Ionic liquids (ILs) were found to show promise as substrate-specific recoverable solvents, promoters and catalysts for a variety of classic organic interactions such as 1,3-dipolar cycloaddition, Bischler-Napieralski, Henry and Mannich reactions, Schmidt and Chapman rearrangements, nucleophilic aromatic cine-substitutions, cycloreversion, etc. The research resulted in novel efficient and eco-safe methods comprised of few steps – intermediates are generated in situ, which allow syntheses of both known and new nitrogen heterocyclic structures and a number of aromatic and high energy molecules.
Four new methods for preparing glycoluril thioanalogs, new pharmacologically active substances with a wide scope of action – anxiolytic, cytotoxic and antibacterial, were developed. The methods base on two approaches: 1) triazine cycle narrowing in imidazo[4,5-e]-1,2,4-triazines under the impact of aromatic aldehydes or sodium nitrate in acidic media, and 2) cyclocondensation of 4,5-dihydroxyimidazolidin-3-ones (thiones) with monosubstituted ureas or potassium thiocyanate in acidic media.

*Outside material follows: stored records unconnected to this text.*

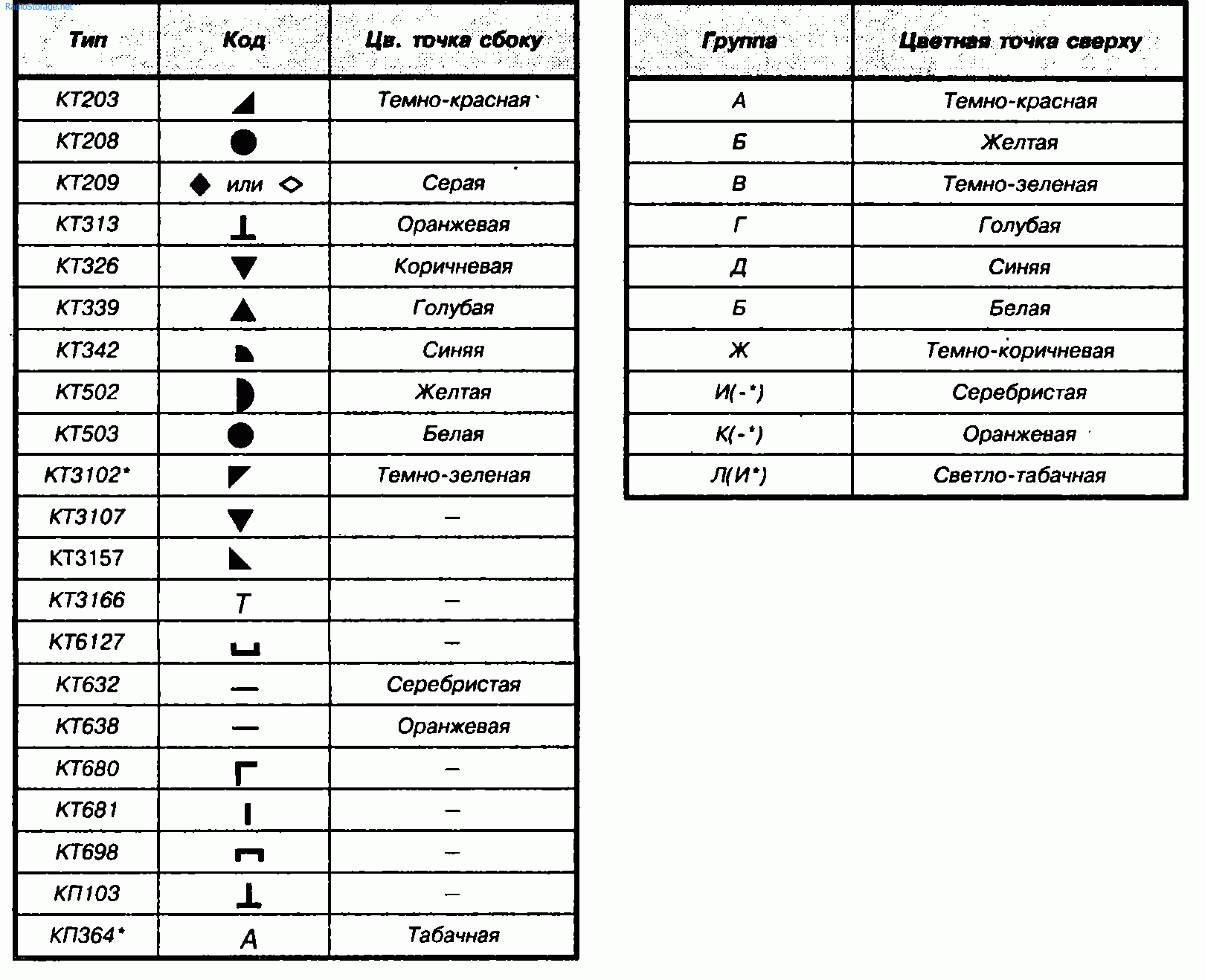Таблица 1. Цветовая и кодовая маркировки маломощных среднечастотных и высокочастотных транзисторов.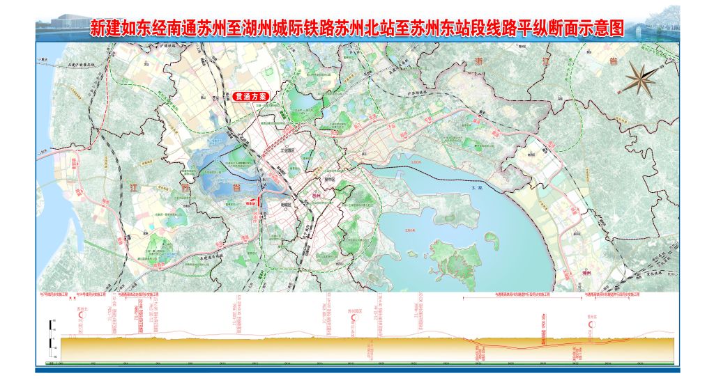 如通苏湖城际铁路是国家《长江三角洲地区多层次轨道交通规划》明确的近期建设项目,也是长三角近沪地区城际纵向骨干线路,苏州北站至苏州东站段全长约34.9公里,设苏州北、苏州园区、苏州东3座车站,设计速度160公里/小时。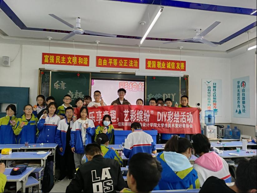 4月6日下午,老员工美术爱好者协会在信阳浉河中学开展“乐享童趣,艺彩缤纷”diy彩绘活动。此次活动由公司老员工美术爱好者协会主办,公司团委老师饶海虹、美协会长唐浩然,团支书周孟亚及浉河中学七年级23班同学共同参与。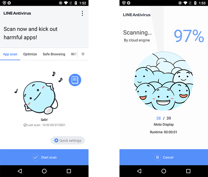 Au mois de mai 2021, AV-Test a examiné 17 produits de sécurité pour Android. Pour réaliser ces tests, les dernières versions de produits disponibles au public ont été utilisées. Grâce à la mise en jour en ligne, les versions ont pu être mises à jour à tout moment et leurs services « en nuages » étaient accessibles en permanence. AV-TEST n’a pris en compte que des scénarios de test réalistes et testé les produits par rapport aux menaces actuelles. Les produits ont dû prouver leurs capacités lors de l’utilisation de l’ensemble des fonctions et des niveaux de protection.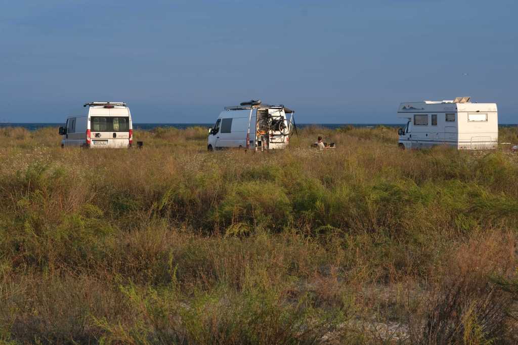 Une grande route, bordĂ©e d’une piste cyclable (ouf !) traverse des raffineries. L’ambiance ressemble Ă Fos sur Mer. A gauche un grand lac, Ă droite la mer, au milieu les tuyaux des raffineries, au loin les cargos naviguent. Nous passons donc la ville de Navodari sans un regard. Sur l’Ă©troite langue de terre entre la mer et un nouveau lac, point de raffinerie cette fois mais un autre monde nous accueille. Des kilomĂštres d’immeubles neufs ou en construction. Dix Ă©tages en moyenne de verre et d’acier sĂ©parĂ©s des plages par une route surchargĂ©e de voitures. La musique Ă©lectro retentit sans arrĂȘt. Les kilomĂštres de parasols et de bars nous accompagnent jusqu’au Camping Soleil oĂč nous poserons la tente.

An efficient methodology of the synthesis of energy-intensive polynitro secondary amines, s-tetrazine and azolo[b]-s-tetrazine derivatives, was developed. The target products are sourced from the single and readily available compound – 3,6-bis(3,5-dimethylpyrazol-1-yl)-s-tetrazine. In the first step, an annelated tetrazine, viz. [1,2,4]triazolo[4,3-b]-s-tetrazine, is generated and then the dimethylpyrazole cycle is substituted by energy-intensive hetarylamines. This is the first example of the application of combinatory chemistry in the area of energetic materials. More than one hundred compounds of this kind have been synthesized.